12/14/2013

"Emily Carr: Deep Forest" At Vancouver Art Gallery

A Rushing Sea of Undergrowth, Emily Carr, 1932-35.

This weekend is a celebration of Emily Carr's 142nd birthday. The local artist was born in Victoria on December 13th, 1871.

Emily Carr was a friend of Vancouver Island's forests. Throughout her life she sought to plumb their mossy green depths to hopefully some day say she really knew this magnificent ecosystem.

Her paintings document her quest to learn as much from the Victoria area's big trees as she could, then depict that in her images.

“This perhaps is the way to find that thing I long for: go into the woods alone and look at the earth crowded in growth, new and old bursting from their strong roots hidden in the silent, live ground, each seed according to its own kind expanding, bursting, pushing its way upward towards the light and air, each one knowing what to do, each one demanding its own rights on the earth.
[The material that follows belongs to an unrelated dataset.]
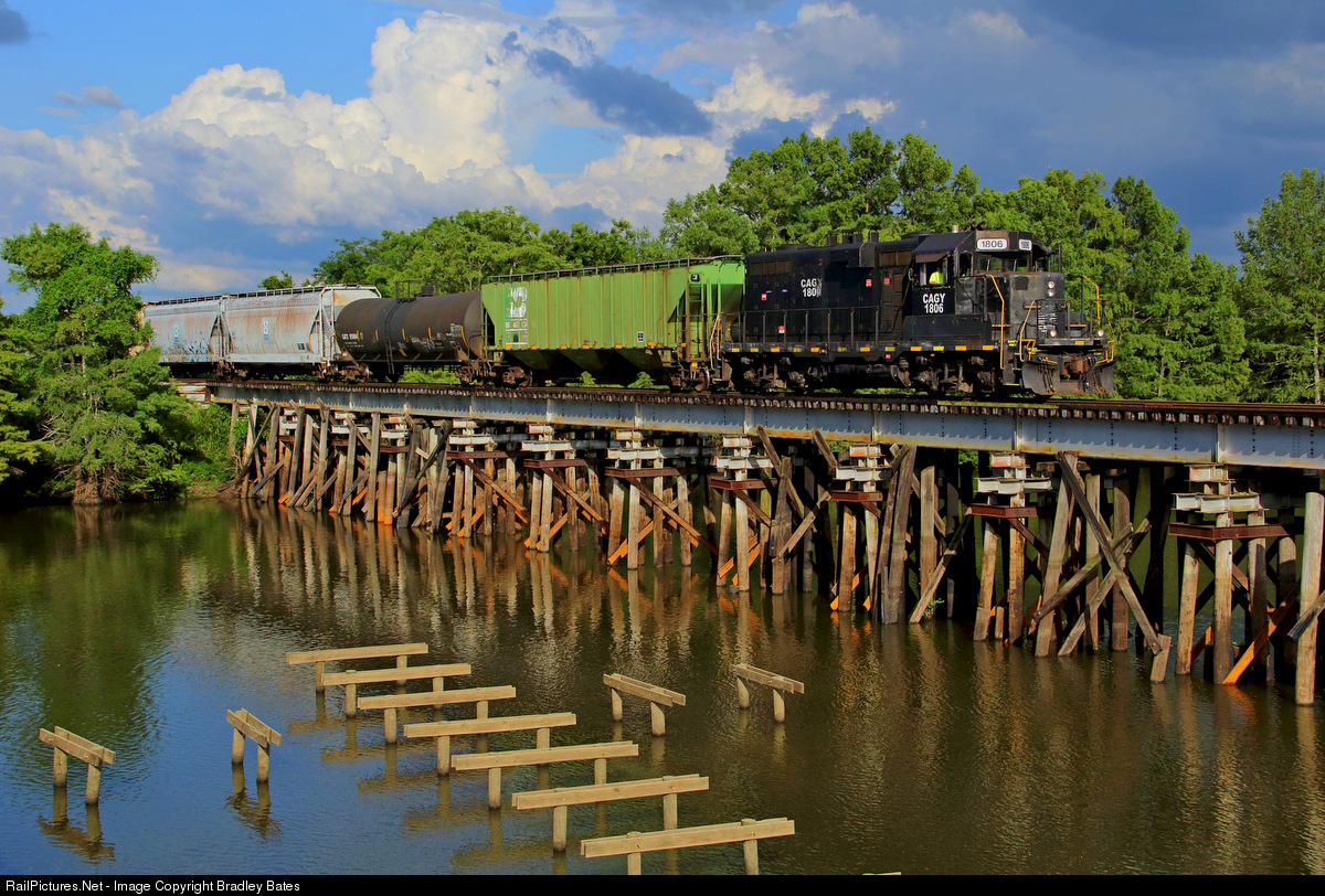 CAGY GP11 #1806 (former IC) leads a Columbus & Greenville Railway Train West as they pass over Roebuck Lake in Itta Bena, MS. Bound for Greenville, MS. With interchange from Canadian National at Greenwood, MS.

Feel this growth, the surging upwards, this expansion, the pulsing life, all working with the same idea…life, life, life…”
From "Hundreds and Thousands: The Journals of Emily Carr." 


Soon you will be able to experience Carr's vision in a new exhibit of her work. "Emily Carr: Deep Forest" at the Vancouver Art Gallery will exhibit over 40 paintings starting December 21, 2013.

Most of the paintings are scenes within 25 km of Carr's home near Victoria, and were completed in the 1930s.


Scorned as Timber Beloved of the Sky, Emily Carr, 1935.


After a trip to view the exhibit, one can get first hand exposure to some of the same forests that the artist enjoyed on the south island. While vastly altered, the green fuse still drives growth and the trees still pulse with life.

"I glory in our wonderful west and I hope to leave behind me some of the relics of its first primitive greatness. These things should be to us Canadians what the ancient Briton's relics are to the English. 
Only a few more years and they will be gone forever into silent nothingness and I would gather my collection together before they are forever past."

One can visit the forest here and be surrounded by the power of nature that so gripped Emily Carr. The natural power of trees that kept her mesmerized is still to be found.

But how long before a trip to the trees yields a vast "silent nothingness"?